Prompt:
Return the data exactly, without pictures.

Provided data:
=== Begin Enclosure ===

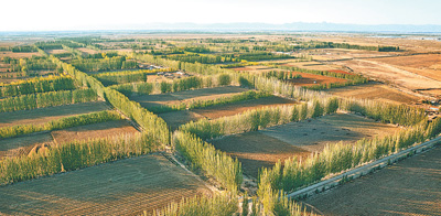 位于烏蘭布和沙漠內(nèi)中國林科院沙漠林業(yè)實驗中心的農(nóng)田林網(wǎng)。
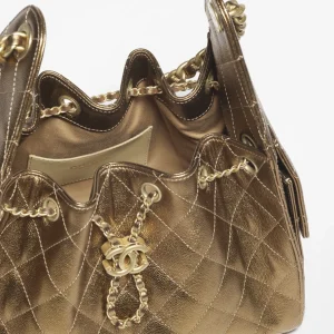 CHANEL 25 Small Handbag Metallic textured particles embossed cowhide with golden metal Deep Gold quantity
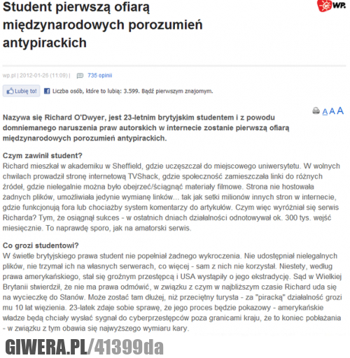 Zaczęło się! Pierwsza ofiara ACTA
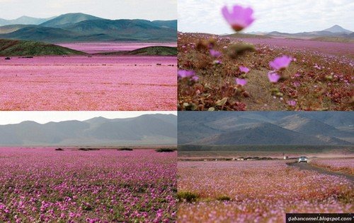 Fenomena serupa berlaku baru-baru ini. Padang pasir ini tiba-tiba dipenuhi oleh bunga-bunga berwarna merah muda. Perkara itu membuat tempat terkering di dunia itu tengah dilindungi oleh permaidani merah muda.
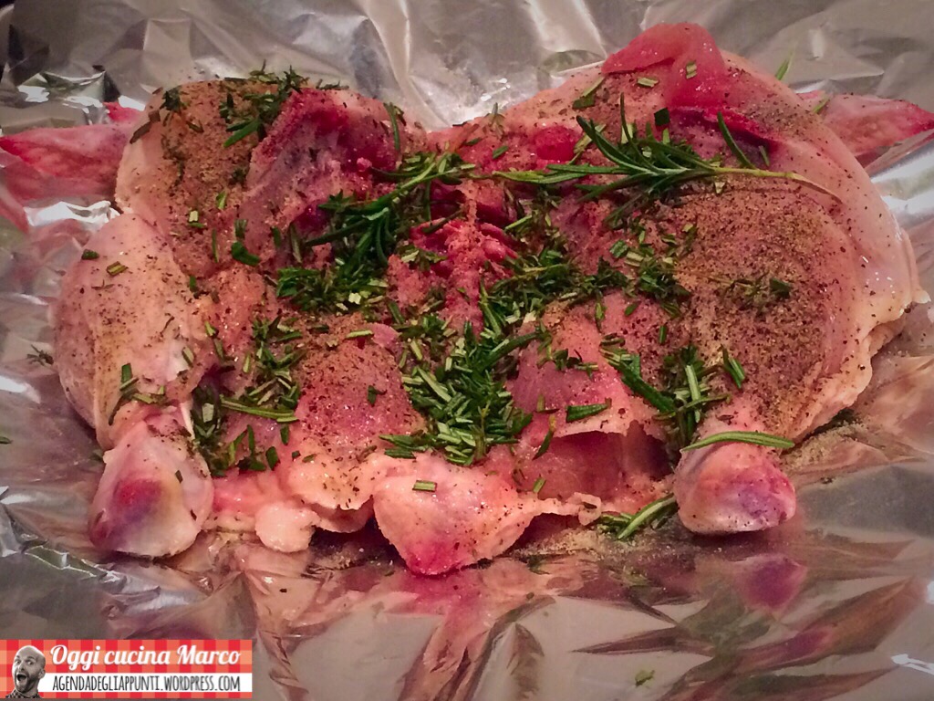 - cuocere il pollo “al cartoccio” usando un foglio di alluminio nella prima mezz’ora di cottura (come nel nostro caso)
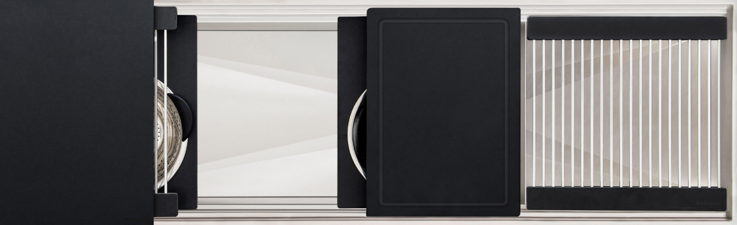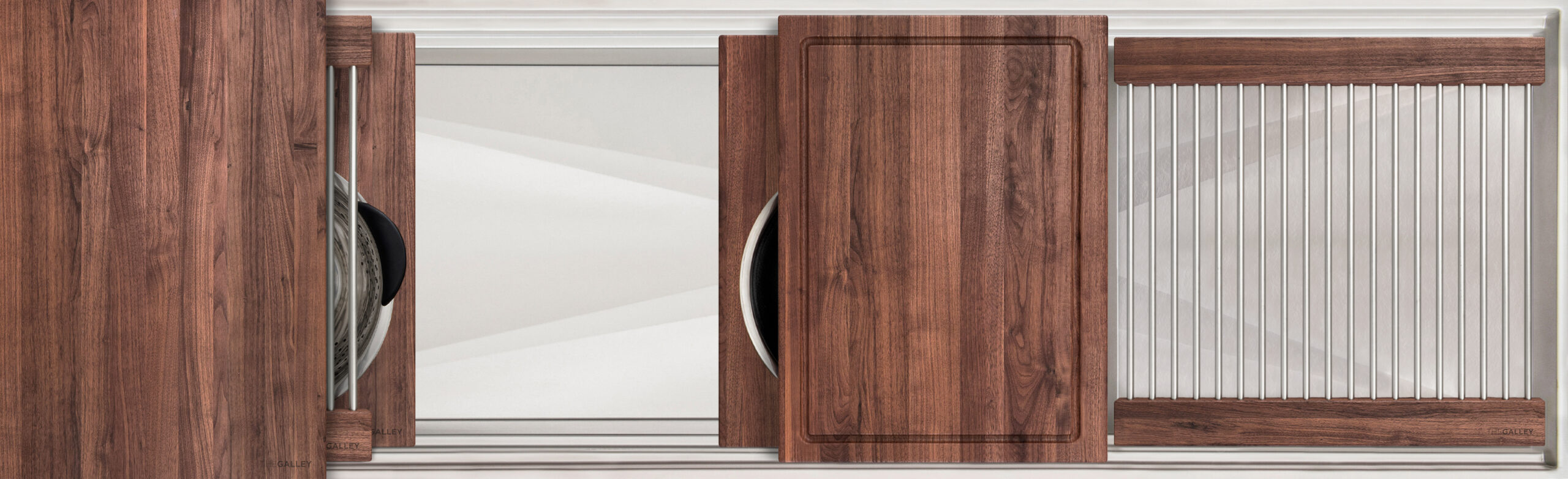 Our matte black Graphite Wood Composite material perfectly complements a contemporary, transitional, or traditional kitchen design and looks wonderful with a wide range of cabinet and countertop colors. This high-performance, dense material is only ½ inch thick, is gentle on your knives, and is easy to clean in the Workstation or in the dishwasher.
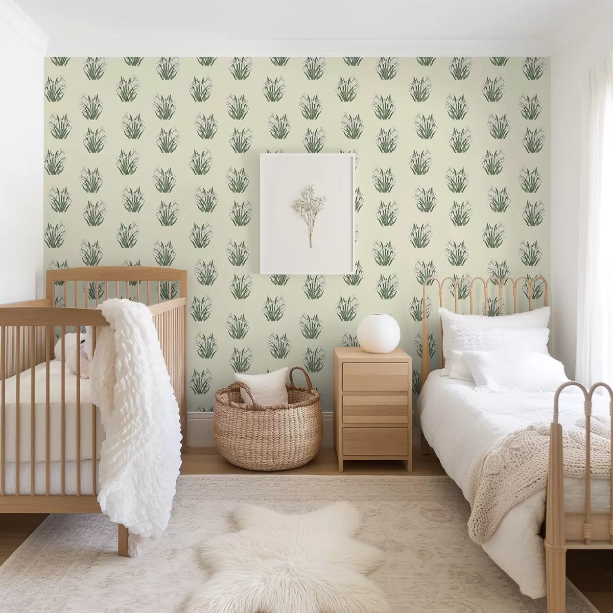 Tapeta Snežienky so zelenými listami na krémovom pozadí Nr. a00651v2
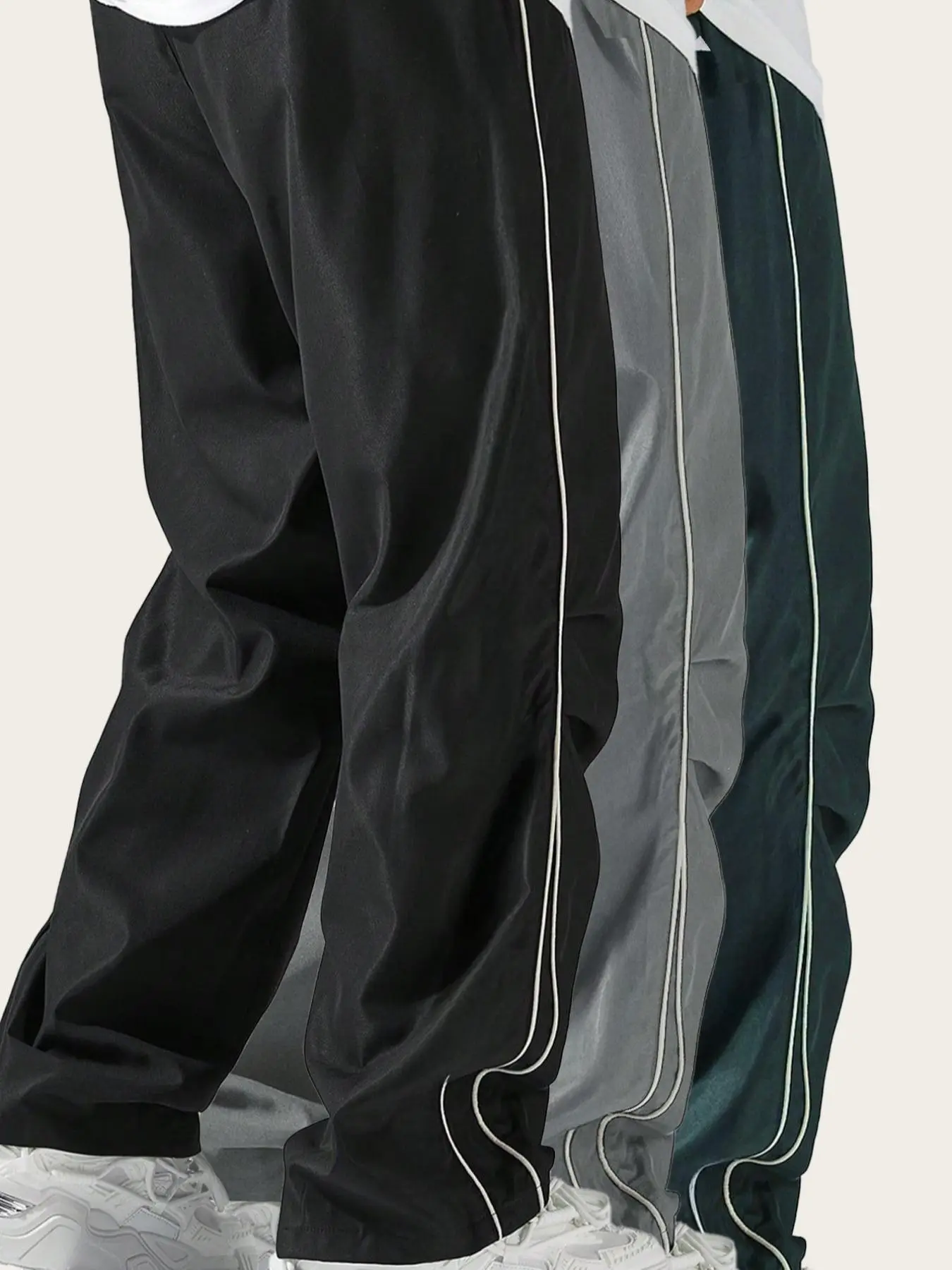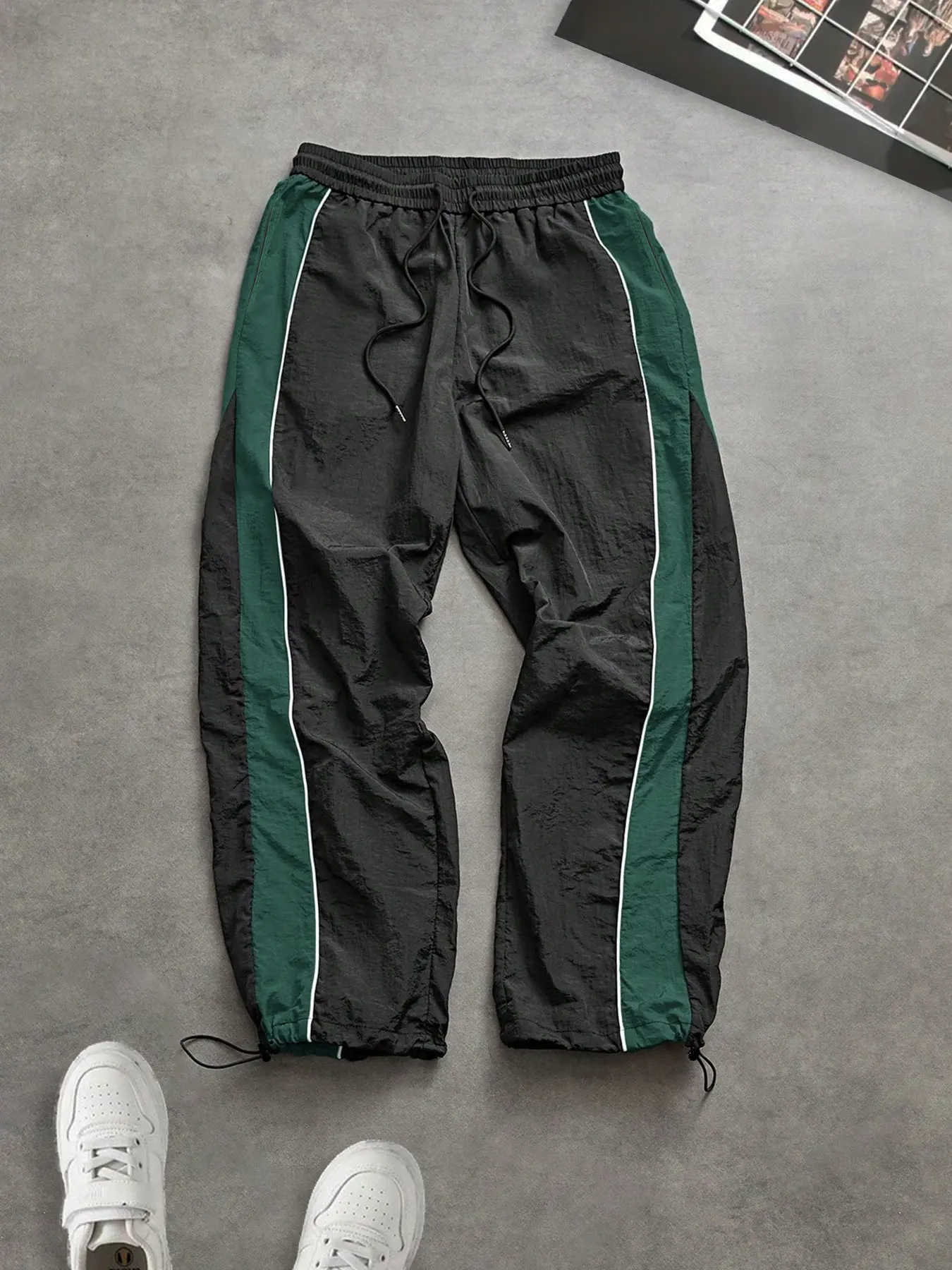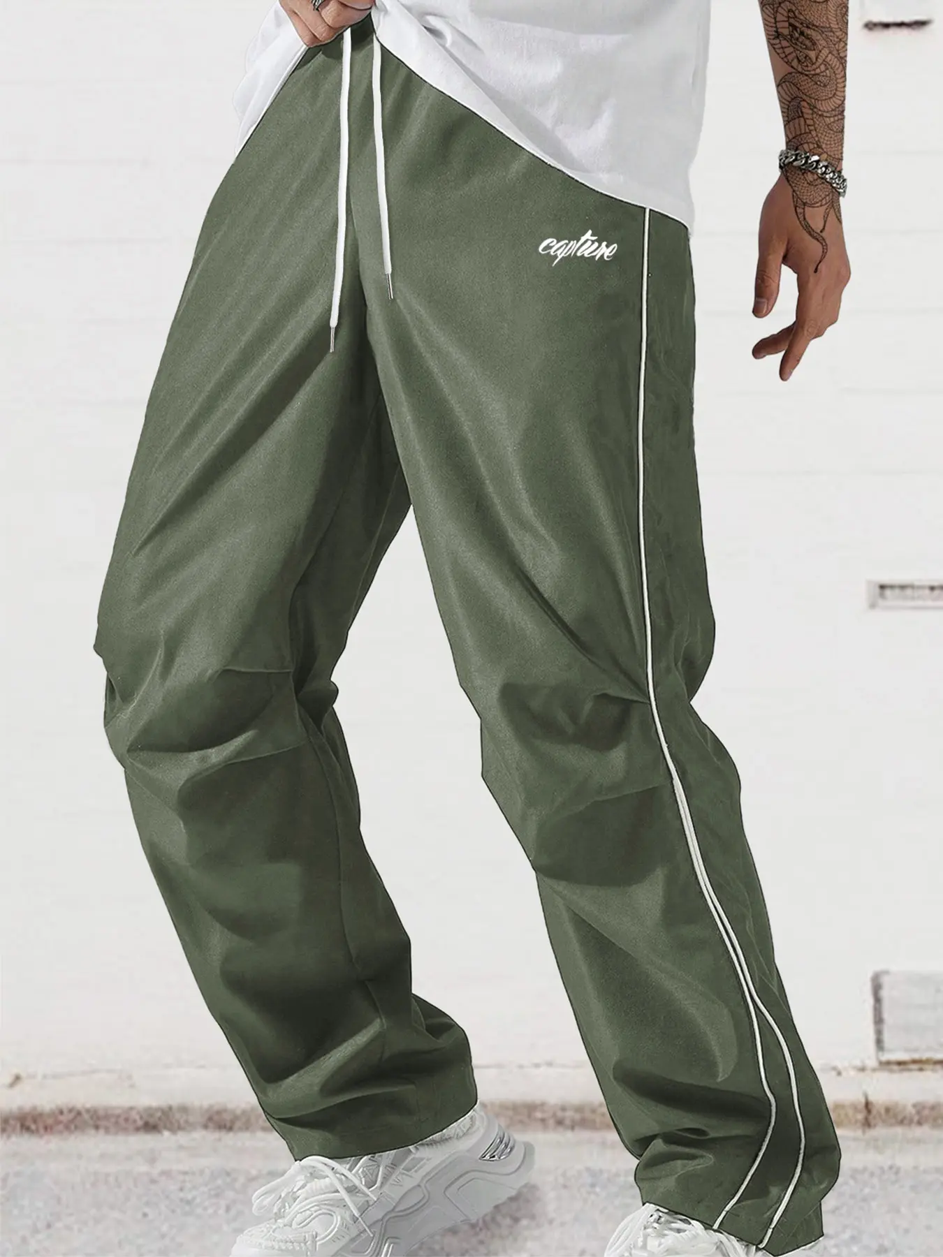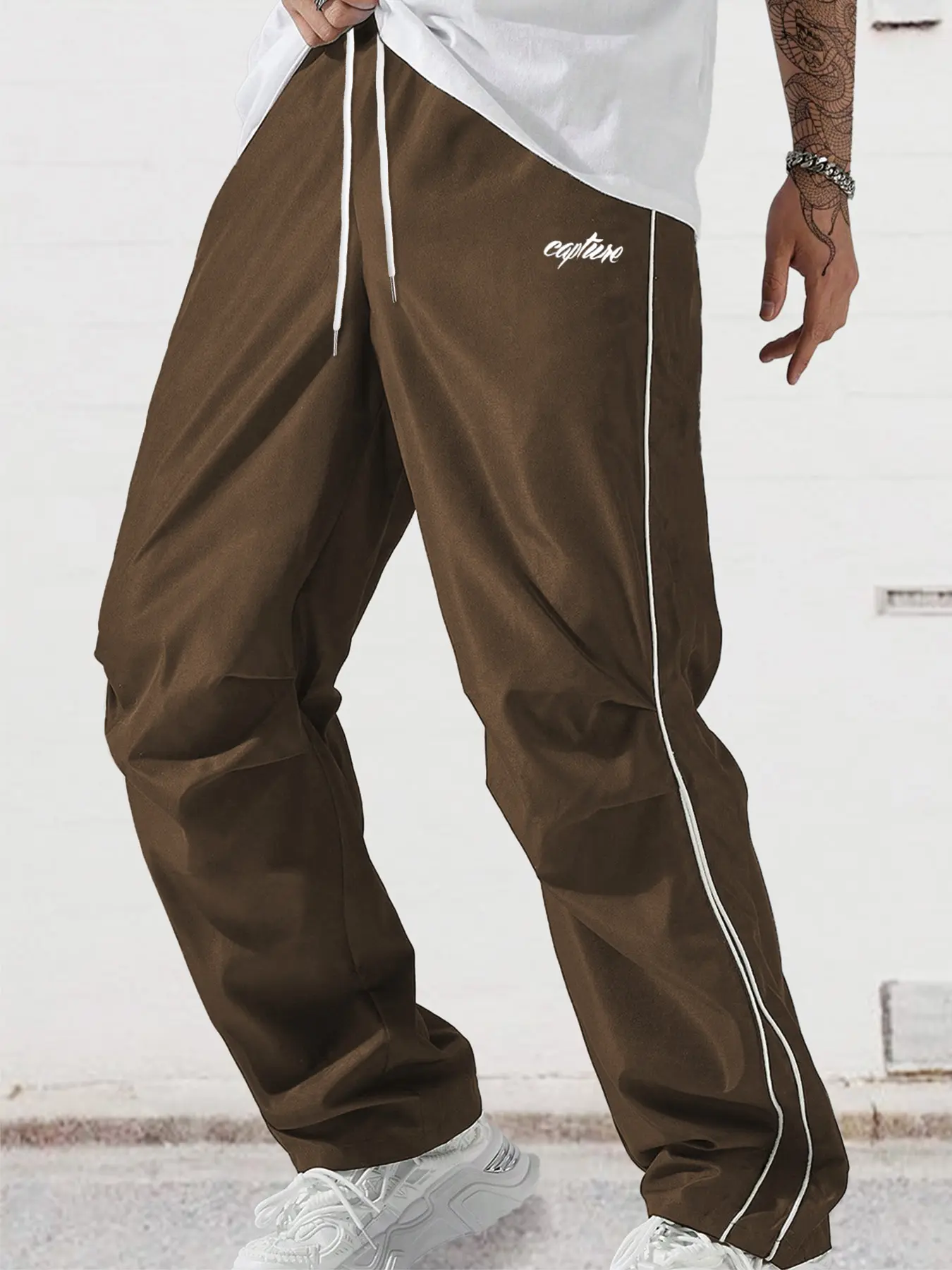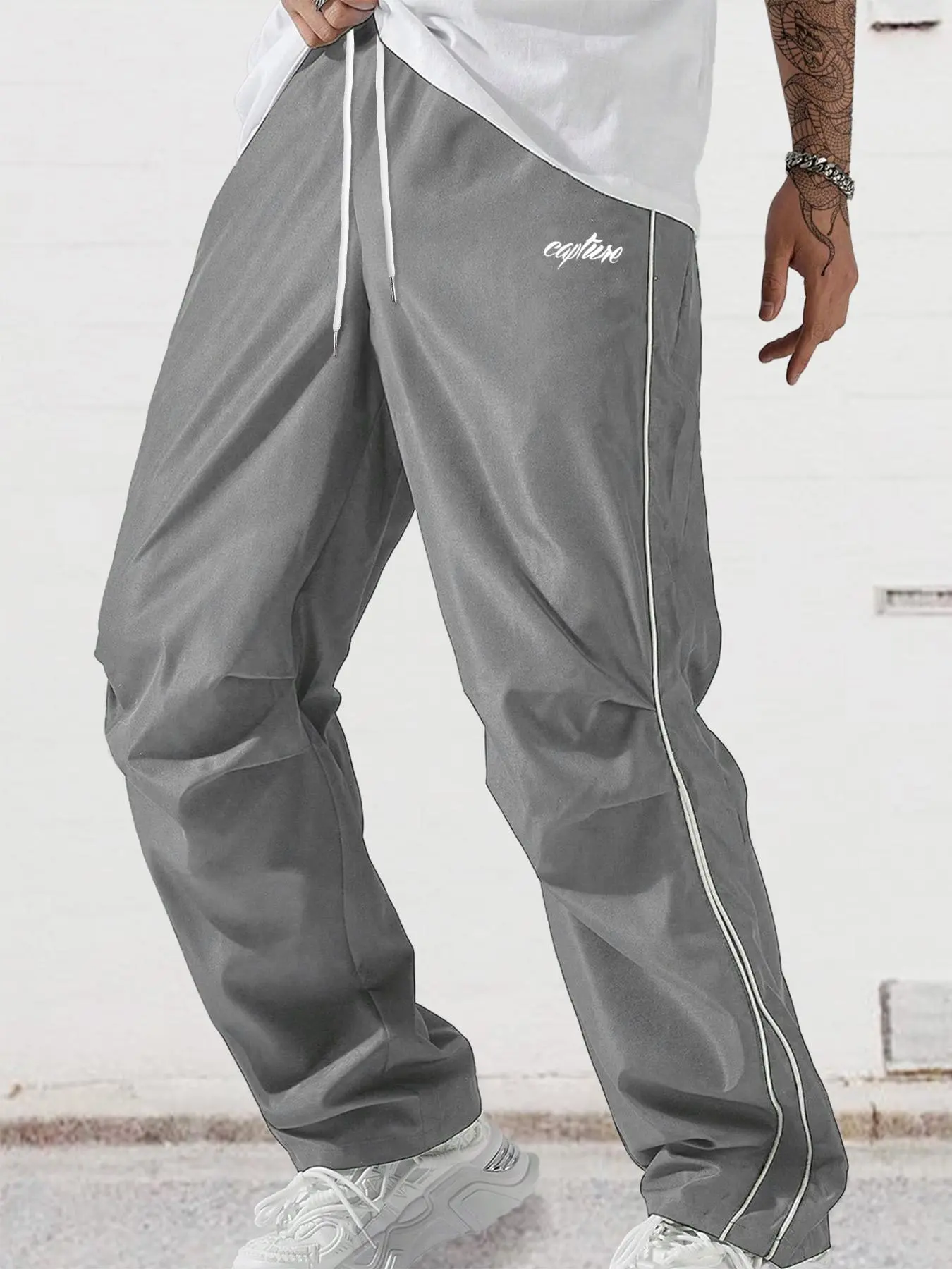 Men's Letter Print Drawstring Waist Athletic Pants, Casual Comfy Contrast Binding Pocket Straight Leg Trousers for Daily Wear, Unisex Workout Bottoms for All Seasons
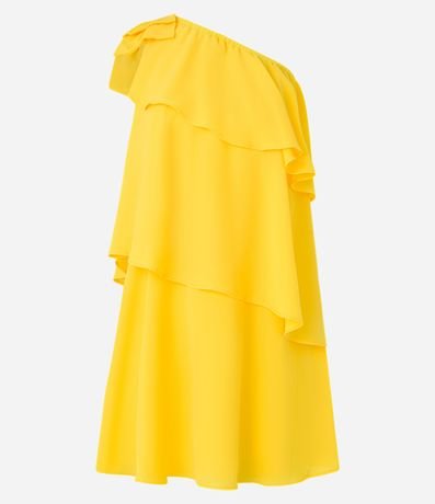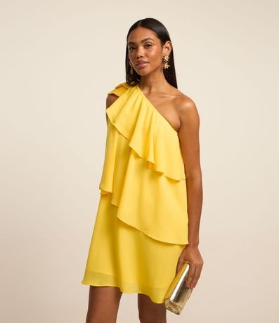 Ref: Vestido ombro só curto feminino, confeccionado em chiffon, com babados sobrepostos e superfície sem estampa.
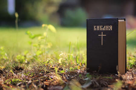 Bible in green grass. Reading the Holy Bible. Concept for faith, spirituality and religion.
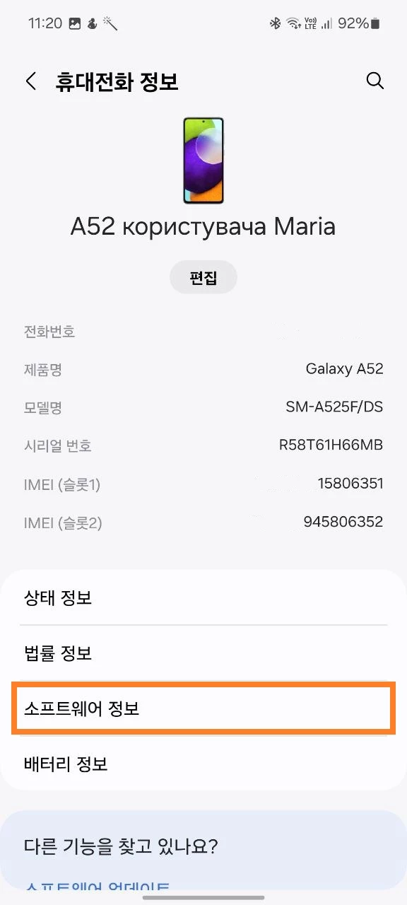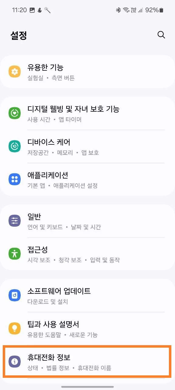 “휴대전화 정보” 섹션으로 이동;

=== End Enclosure ===

Response box:
 位于烏蘭布和沙漠內(nèi)中國林科院沙漠林業(yè)實驗中心的農(nóng)田林網(wǎng)。
 CHANEL 25 Small Handbag Metallic textured particles embossed cowhide with golden metal Deep Gold quantity
 Zaczęło się! Pierwsza ofiara ACTA
 Fenomena serupa berlaku baru-baru ini. Padang pasir ini tiba-tiba dipenuhi oleh bunga-bunga berwarna merah muda. Perkara itu membuat tempat terkering di dunia itu tengah dilindungi oleh permaidani merah muda.
 - cuocere il pollo “al cartoccio” usando un foglio di alluminio nella prima mezz’ora di cottura (come nel nostro caso)
 Our matte black Graphite Wood Composite material perfectly complements a contemporary, transitional, or traditional kitchen design and looks wonderful with a wide range of cabinet and countertop colors. This high-performance, dense material is only ½ inch thick, is gentle on your knives, and is easy to clean in the Workstation or in the dishwasher.
 Tapeta Snežienky so zelenými listami na krémovom pozadí Nr. a00651v2
 Men's Letter Print Drawstring Waist Athletic Pants, Casual Comfy Contrast Binding Pocket Straight Leg Trousers for Daily Wear, Unisex Workout Bottoms for All Seasons
 Ref: Vestido ombro só curto feminino, confeccionado em chiffon, com babados sobrepostos e superfície sem estampa.
 Bible in green grass. Reading the Holy Bible. Concept for faith, spirituality and religion.
 “휴대전화 정보” 섹션으로 이동;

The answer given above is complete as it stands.